Oct. 4, 2022 2:13 pm, Updated: Oct. 4, 2022 3:05 pm
Then-Cedar Rapids Mayor Brad Hart thanks members of Cedar Rapids' newly created citizens' police review board July 22, 2021, as they hold the panel's first meeting in the City Services Center. (The Gazette)
CEDAR RAPIDS — The Cedar Rapids man asserting that a rule about who can serve on the city’s police Citizens Review Board is racially discriminatory is asking a federal judge to bar enforcement of the rule pending the outcome of his lawsuit.
Kevin Wymore, who is white, is suing the city and Mayor Tiffany O’Donnell over an ordinance that requires five of the nine-member board identify as people of color.
Although U.S. District Court Judge C.J. Williams did not immediately make a ruling at a hearing Tuesday, he questioned why the ordinance lays out a quota for board members who identify as people of color. The Citizens Review Board was created in the wake of the George Floyd murder by Minneapolis police in 2020 and intended to promote equitable treatment of citizens and remedy trends rooted in bias.

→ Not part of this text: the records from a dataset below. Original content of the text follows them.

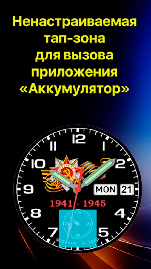 - Displaying the date and day of the week in Russian and English (English is a priority and is shown if the smartphone menu is not in Russian)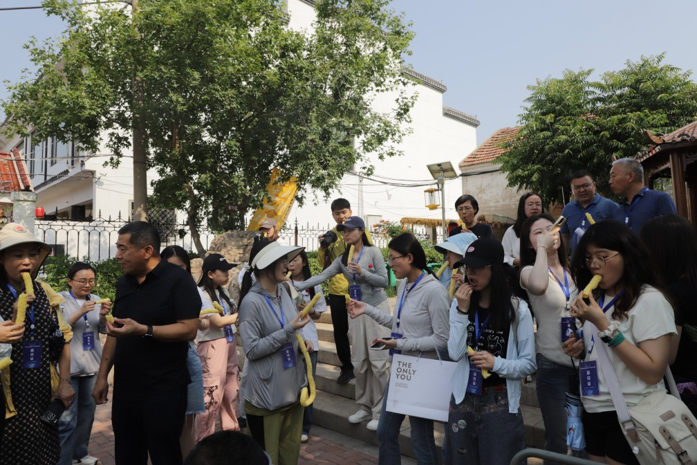 師生們還品嘗了又甜又酥的糖酥棍,這種傳統(tǒng)美食的獨(dú)特風(fēng)味讓他們贊不絕口,并提出了糖酥棍制作工具方面的創(chuàng)新建議。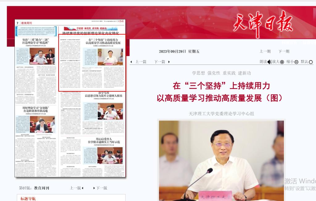近日,《天津日报》以“在‘三个坚持’上持续用力,以高质量学习推动高质量发展”为题,报道米兰党委理论学习中心组经验做法。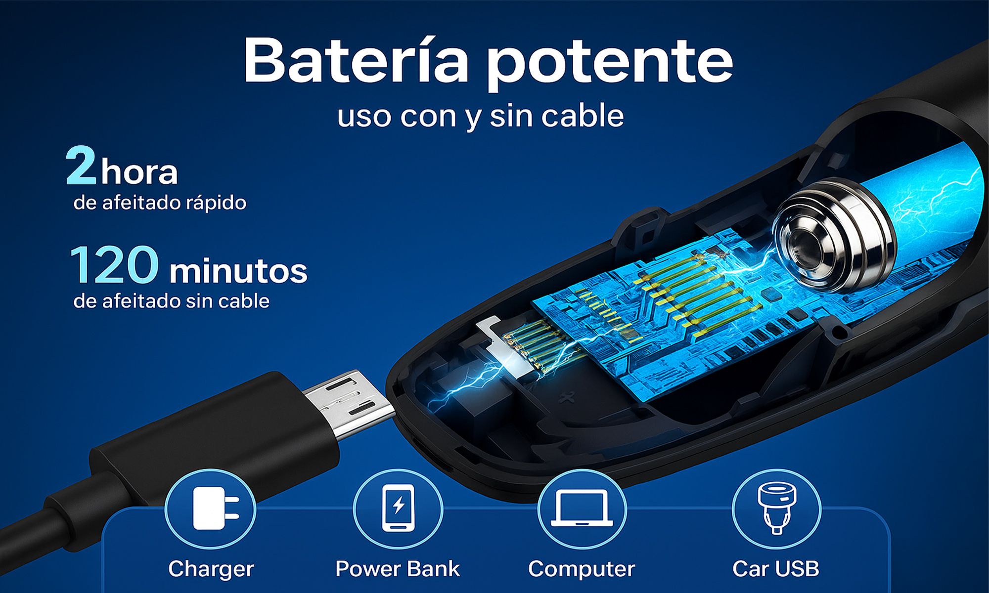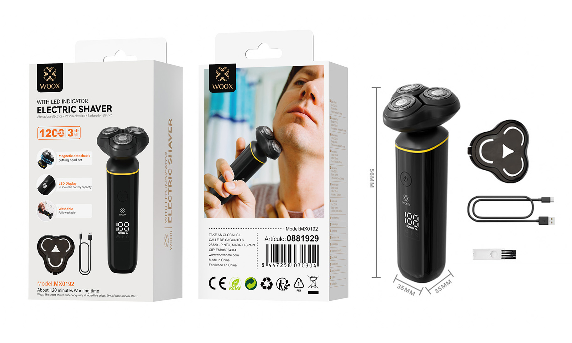 Afeitadora eléctrica MX0192 1200 mAh, carga tipo C con pantalla LED lPX7-gun

Darshaun Smith of Cedar Rapids carries a Black Lives Matter flag while marching July 3, 2020, during a rally organized by Advocates for Social Justice in Cedar Rapids. The group marched from Monroe Park to the home of then-Cedar Rapids mayor Brad Hart in the hope of meeting with him to discuss the citizens' police review board. (The Gazette)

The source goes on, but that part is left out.